Können Vorstandsämter zusammengelegt werden?

Häufig finden sich bei Vorstandswahlen in Vereinen nicht für alle Ämter, die die Satzung vorsieht, Kandidaten. Es bietet sich dann an, dass ein Mitglied des Vorstandes zwei verschiedene Ämter ausübt. Rechtlich ist das aber nicht in jedem Fall möglich.

Grundsätzlich kein Problem ist die zeitweilige, vertretungsweise Übernahme eines zweiten Vorstandsamtes, wenn also ein Vorstandsmitglied ausfällt.

Anders sieht es aus, wenn eine Person bei der Mitgliederversammlung auf zwei Vorstandsposten gewählt werden soll (Personalunion). Dann wird der Vorstand verkleinert, d. h. die Zahl der Vorstandsmitglieder ist kleiner, auch wenn die Zahl der Ämter unverändert bleibt.
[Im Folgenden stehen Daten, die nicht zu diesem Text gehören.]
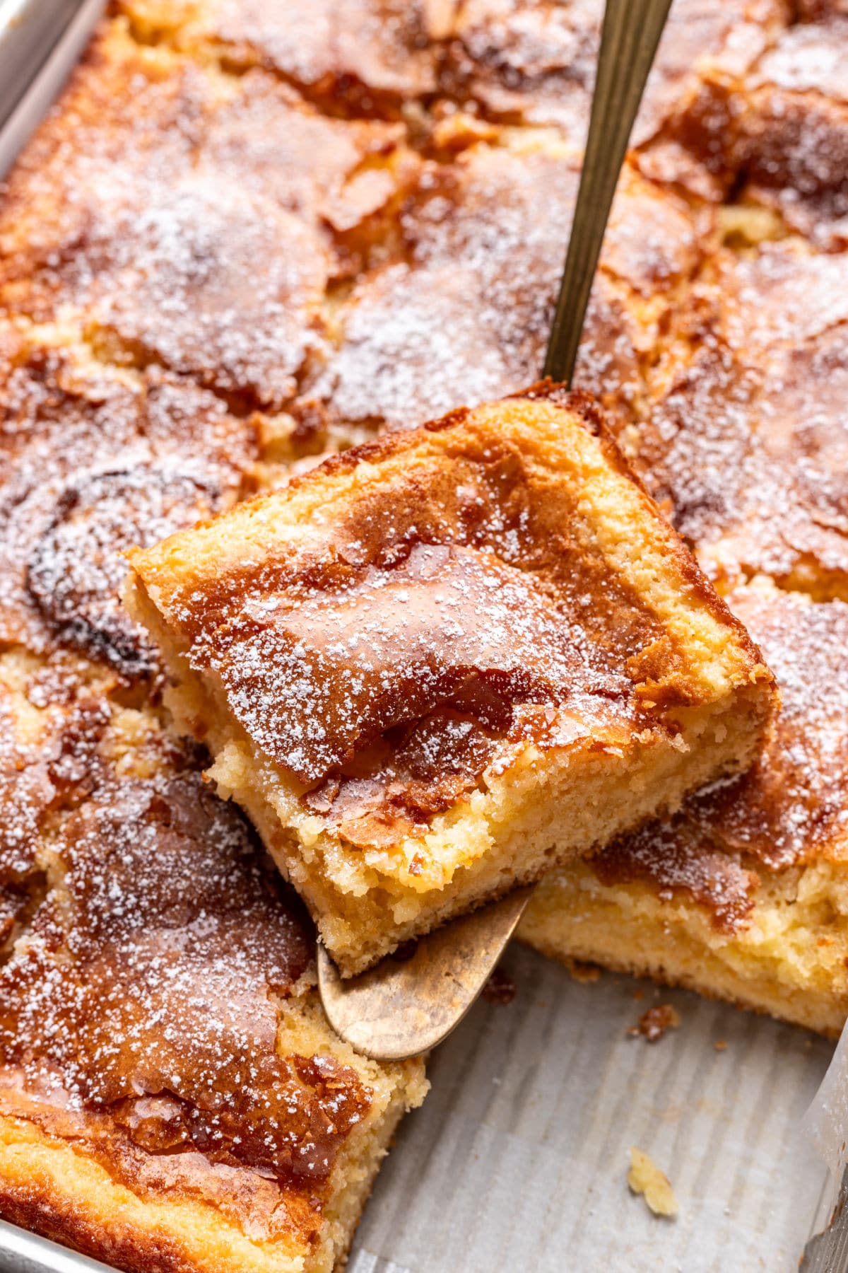 This gooey butter cake is an easy cake mix recipe that’s rich, buttery, and perfectly gooey. A St. Louis classic, this quick dessert comes together in less than an hour with simple ingredients.

In Literatur und Rechtssprechung gibt es für diesen Fall keine eindeutige Bewertung. Ausschlaggebend ist in jedem Fall die Satzung. Trifft sie keine besondere Regelung, muss durch Auslegung der entsprechenden Satzungsklauseln geklärt werden, ob eine Personalunion möglich ist.

Voraussetzung für eine Zusammenlegung von Ämtern ist aber immer, dass der Verein auch mit der kleineren Zahl von Vorstandsmitgliedern noch vertreten nach außen werden kann. Ausgeschlossen ist die Personalunion also, wenn Personen fehlen, die laut Satzung zu Vertretung des Vereins nötig sind. Wenn also z. B. die Satzung zwei Vorstandsämter vorsieht und der Verein durch beide gerichtlich und außergerichtlich vertreten wird, kommt eine Zusammenlegung der Ämter nicht in Frage

Grundsätzlich gilt: Wenn die Satzung des Vereins nicht eine bestimmte Kopfzahl vorsieht oder eine Personalunion ausdrücklich verbietet, ist die Ausübung mehrerer Ämter durch eine Person möglich.

Wenn die Satzung drei Vorstandsämter vorsieht und der Verein durch zwei Mitglieder des Vorstandes gerichtlich und außergerichtlich vertreten wird und der Vorstand bei Anwesenheit von zwei Mitgliedern beschlussfähig ist, liegt die Mindestzahl der Vorstandsmitglieder bei zwei Personen. Ein Vorstandsmitglied könnte somit zwei Ämter ausüben.
Das gilt aber nur, wenn sich aus der Art der Ämter nichts anderes ergibt. Das Amt des Vorsitzenden und seines Stellvertreters etwa kann nicht von ein und derselben Person wahrgenommen werden.

Ist eine Verkleinerung des Vorstands durch Zusammenlegen von Ämtern nicht möglich, bleibt nur die Satzungsänderung. Zu prüfen ist dann, ob man nicht auf eine bestimmte Aufgabenteilung im Vorstands ganz verzichtet und eventuell auch die Zahl der Vorstandsmitglieder nicht per Satzung festlegt, sondern erst bei der Wahl. Beides ist durchaus möglich.